9.9. Universal functions¶
A universal function (ufunc) is a math function that applies to every element of an array in one call. The arithmetic operators on the previous page are universal functions wearing operator syntax; this page is the catalogue of the named ones that cover trig, exp / log, rounding, and a few others.
Each ufunc accepts a scalar, a Python iterable, or an
ndarray, and returns either a
single float (when the input was scalar) or a float
ndarray:
from ulab import numpy as np
np.exp(2.0) # 7.389...
np.sin(range(4)) # 1-D float ndarray
np.sqrt([1, 4, 9, 16]) # array([1.0, 2.0, 3.0, 4.0])
a = np.arange(9).reshape((3, 3))
np.exp(a) # 3x3 float ndarray
9.9.1. The catalogue¶
numpy exposes the math functions an embedded
application reaches for most often:
Trig –
sin(),cos(),tan(),asin(),acos(),atan(),arctan2(),sinh(),cosh(),tanh(),asinh(),acosh(),atanh(),sinc().Angle conversion –
degrees(),radians().Exponentials and logs –
exp(),expm1(),log(),log10(),log2(),sqrt().Rounding –
ceil(),floor(),around().
Each function processes the whole array in one library
call. The speedup over a Python list comprehension that
calls math.sin() element by element is 10-30x on
a typical buffer.
9.9.2. The out= keyword¶
Each ufunc call normally allocates a fresh result array
to hold its output. In a loop that runs many times a
second, those allocations add up and waste RAM.

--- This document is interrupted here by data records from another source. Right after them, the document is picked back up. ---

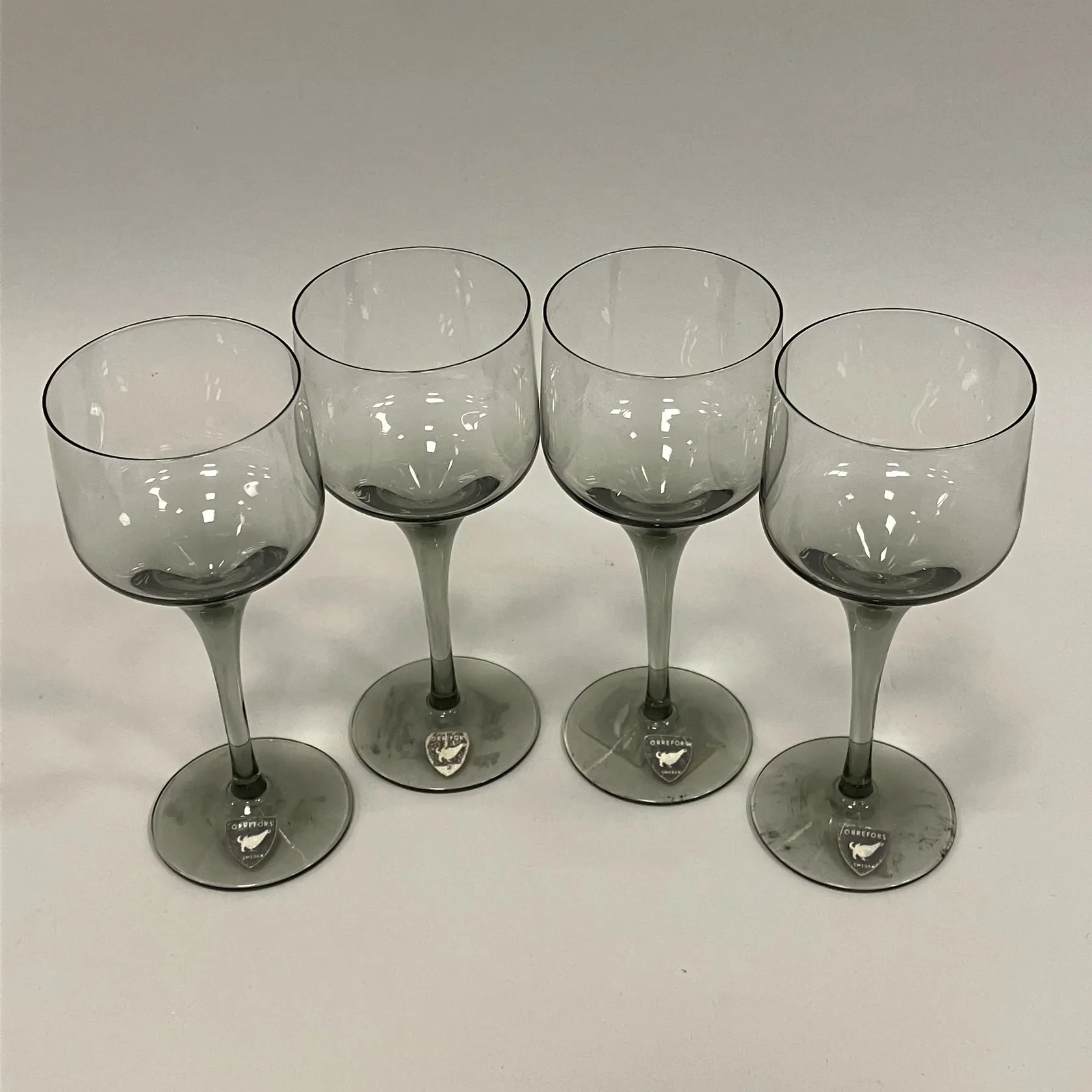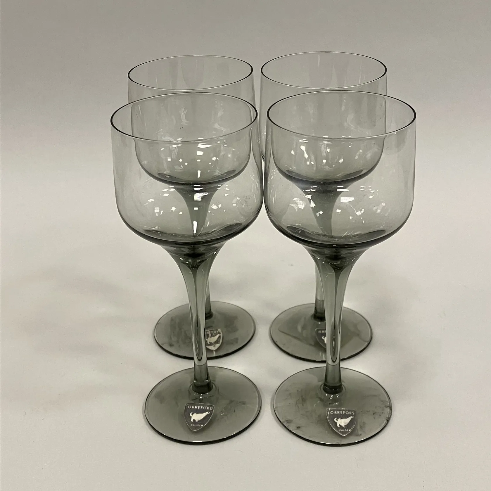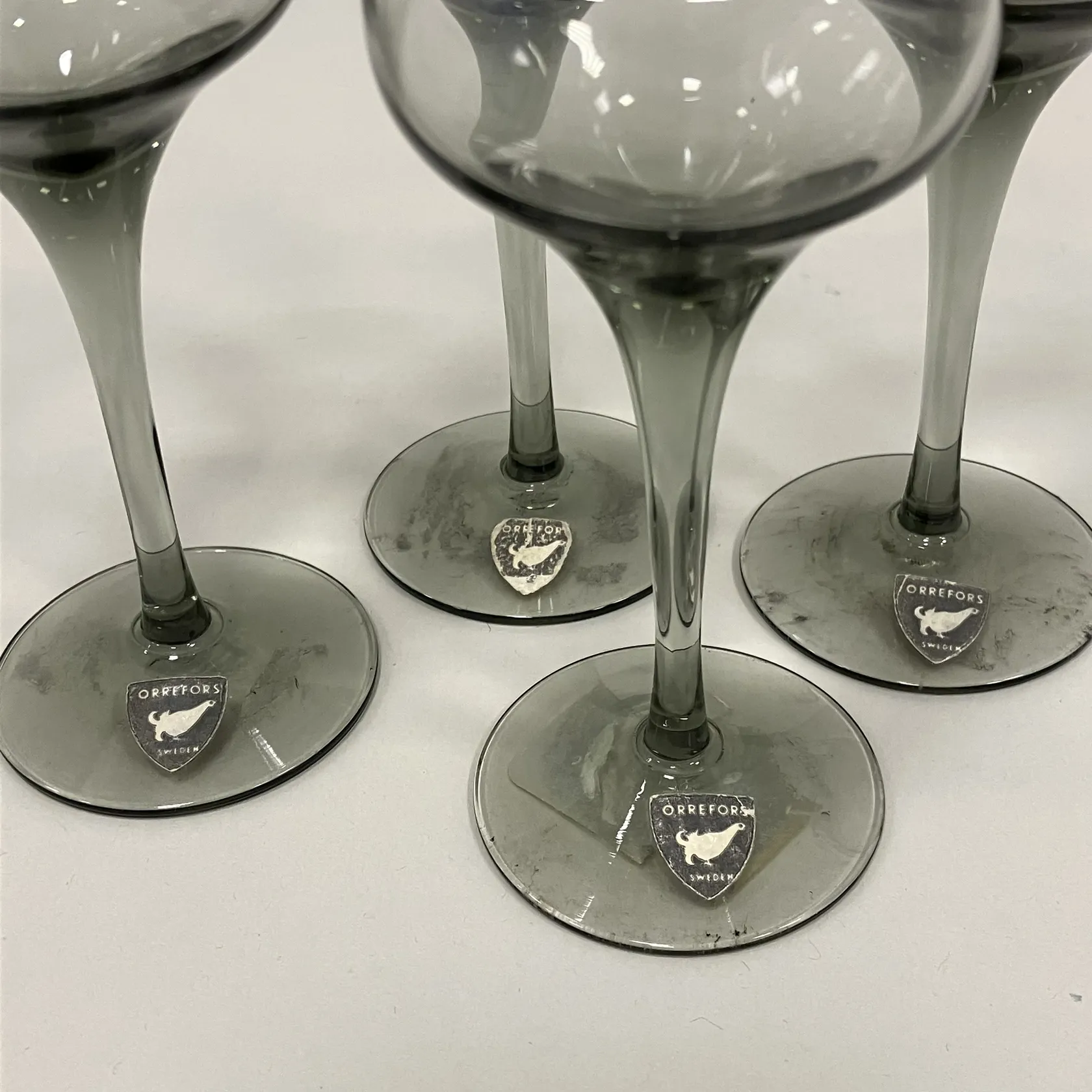 4 Sherryglas, Orrefors, grön/grå glas, höjd 12,5cm, äldre modell Skickas med postpaket.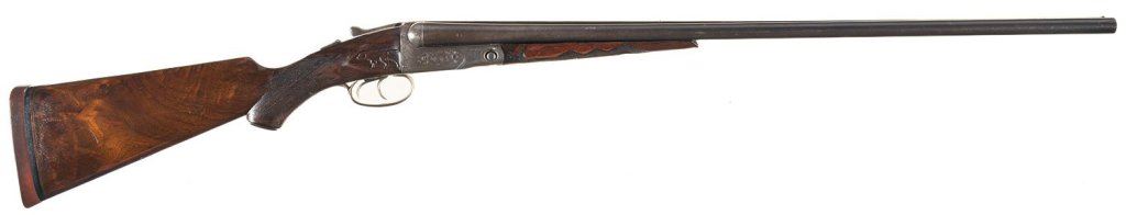 Manufactured in 1923. The forearm and buttstock feature decorative carving with a dog and duck on the right and left stock flats respectively. Features 2 1/2" chambers, improved modified/improved cylinder chokes, and 14 7/8" LOP.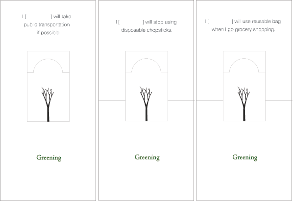 *blank will be filled with person’s name. Second, the image of the tree which is completed by stamping the fingerprint represents that the promise and the execution of the phrase can save the tree (the nature). The completed pop-up card will play a role as reminding eco-friendly behavior in people’s daily lives as well as a design piece with decorative purpose.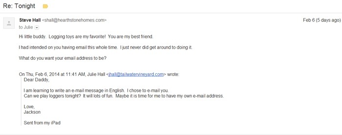 An English assignment. He was a little teary eyed when he read his Daddy’s reply.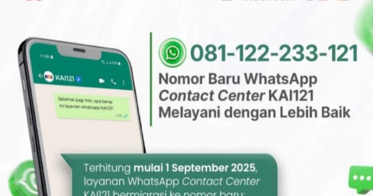 Kediri - PT Kereta Api Indonesia (Persero) Daerah Operasi 7 Madiun menginformasikan kembali adanya perubahan nomor layanan WhatsApp Contact Center KAI121 yang resmi berlaku mulai 1 September 2025. Manajer Humas KAI Daop 7 Madiun Rokhmad Makin Zainul menjelaskan bahwa perubahan ini tidak akan mengurangi kualitas layanan pelanggan. Justru, KAI berkomitmen menghadirkan layanan yang lebih baik, cepat, dan responsif.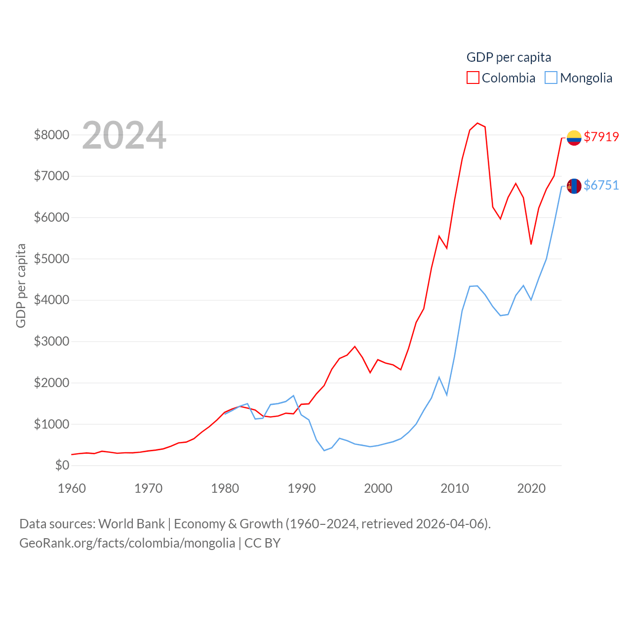 Colombia and Mongolia economies compared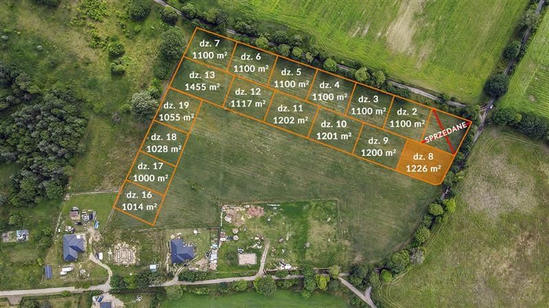 Możliwość kupna sąsiednich działek o pow. od 1000 m2 do 1455 m2.

Passing out= – a float array that already exists,
of the same shape as the input – writes the result
into that array instead of allocating a new one:
x = np.linspace(0, 2 * np.pi, num=256)
y = np.zeros(256)
while True:
np.sin(x, out=y)
# use y ...
If out has the wrong dtype or shape, the function
raises an exception. The keyword is supported on every
ufunc on this page; it is the cleanest way to keep a
streaming signal-processing loop allocation-free.
9.9.3. Two-argument ufuncs¶
arctan2() is the only true
two-argument ufunc in the list above – it returns the
quadrant-aware arctangent of y / x and broadcasts the
two operands:
y = np.array([1, 2.2, 33.33, 444.444])
np.arctan2(y, 1.0) # against a scalar
np.arctan2(1.0, y) # the other way
np.arctan2(y, y) # against another array
9.9.4. Composing universal functions¶
Universal functions compose like any other array expression. A few patterns that come up on the camera:
Gamma correction (in float space):
gamma = 0.5
out = 255.0 * (frame / 255.0) ** gamma
A simple low-pass IIR (alpha close to 1.0
means slow update):
alpha = 0.95
filtered = alpha * filtered + (1.0 - alpha) * sample
Sigmoid:
sigmoid = 1.0 / (1.0 + np.exp(-x))
Power spectrum in dB:
spectrum = 20.0 * np.log10(np.abs(real) + 1e-12)
In a loop, rewrite each expression to use out= and
in-place operators so no temporary is allocated per
iteration. Performance covers the rewrite.
9.9.5. np.vectorize¶
A regular Python function can be promoted to a
ufunc-shaped one by vectorize(). The
resulting callable accepts scalars, iterables, or
ndarrays:
def f(x):
return x * x
vf = np.vectorize(f)
vf(44.0) # array([1936.0])
vf(np.array([1, 2, 3, 4])) # array([1.0, 4.0, 9.0, 16.0])
vf([2, 3, 4]) # array([4.0, 9.0, 16.0])
By default the result dtype is float. otypes=
overrides it:
vf_u8 = np.vectorize(f, otypes=np.uint8)
vf_u8([1, 2, 3, 4])
# array([1, 4, 9, 16], dtype=uint8)
The Python function must take a single argument and return a single number.
vectorize() is mostly syntactic:
the wrapped Python function still has to run once per
element, so most of the per-element interpreter cost
that a true ufunc avoids is back. Expect a modest
30%-50% speedup over a list comprehension, not the 30x
of a true universal function. The right tool when one
function has to work on scalars, lists, and arrays
under the same name – not when raw speed is the goal.
For the full call signatures of every universal function listed above, see numpy — numpy-compatible array operations.